One cringes to imagine young George as a teenager in love…

***
His first Secretary of State may have been a traitor.

He was Edmund Randolph, and Washington fired him after the Secretary of War showed him a secret French dispatch. In a letter by the French ambassador that had been captured, he said he had received “precious confessions” from Randolph. 

This was in 1795. The U.S. government was negotiating a treaty (Jay’s Treaty) with England to resolve unsettled issues from the Revolutionary War. The U.S. was struggling to balance itself between England and France which were then at war. T

The letter also implied that Randolph was open to bribery. 

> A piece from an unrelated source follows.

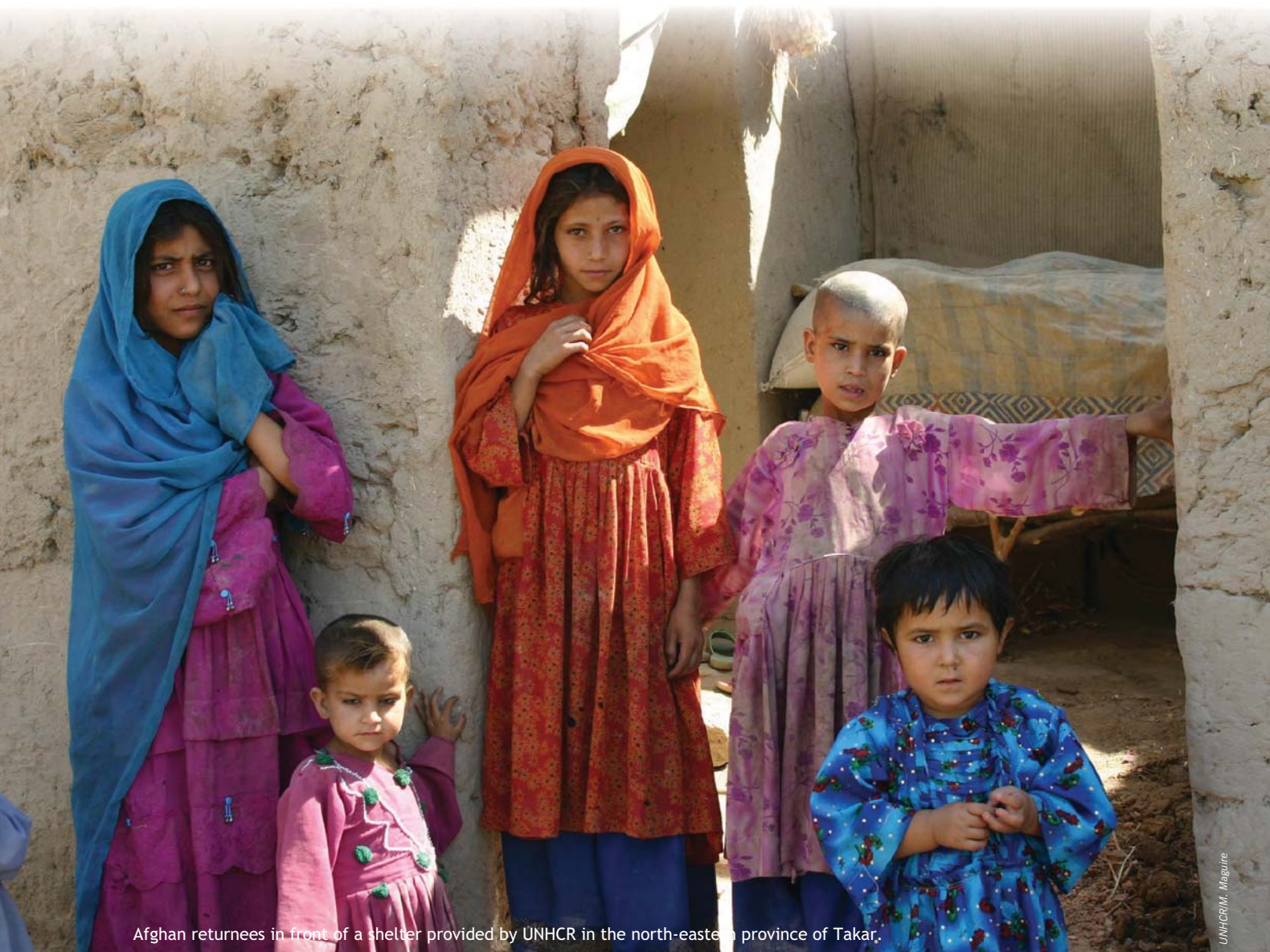
Afghan returnees in front of a shelter provided by UNHCR in the north-eastern province of Takar.

Partnerships will be strengthened with human rights and rule of law actors through bilateral exchanges and cooperation, as well as through the humanitarian

Randolph was the first cabinet secretary to resign. As he was also a Virginian, this event was a huge embarrassment, politically and personally, for Washington.

***
He lost New York City.


In August 1776, the British wasted no time in dealing with the rebels. They launched a naval invasion of Long Island and Manhattan (an 18th century style Normandy assault) that shattered the American army.

Washington was driven first from Long Island and then from Manhattan to the Jersey Palisades across the Hudson River. When he realized the full depth of his army’s defeat he wept “with the tenderness of a child.” Even his closest aides thought that all was lost.

***
There was a second—even more 
daring—Delaware Crossing.



The first crossing on Christmas 1776 was a miracle of teamwork, courage, and defiance. 

A blizzard had swept through on Christmas Eve. And was continuing. Though the British and Hessians had feared a rebel attack, they let their guard down due to the horrible weather.

And it is true that the rebels were in no condition to attack. In one regiment, 400 of 500 men had died of dysentery and malaria. When the march to the Delaware River began, most men had no idea where they were going. Washington ordered “no man to quit his Ranks on pain of Death.”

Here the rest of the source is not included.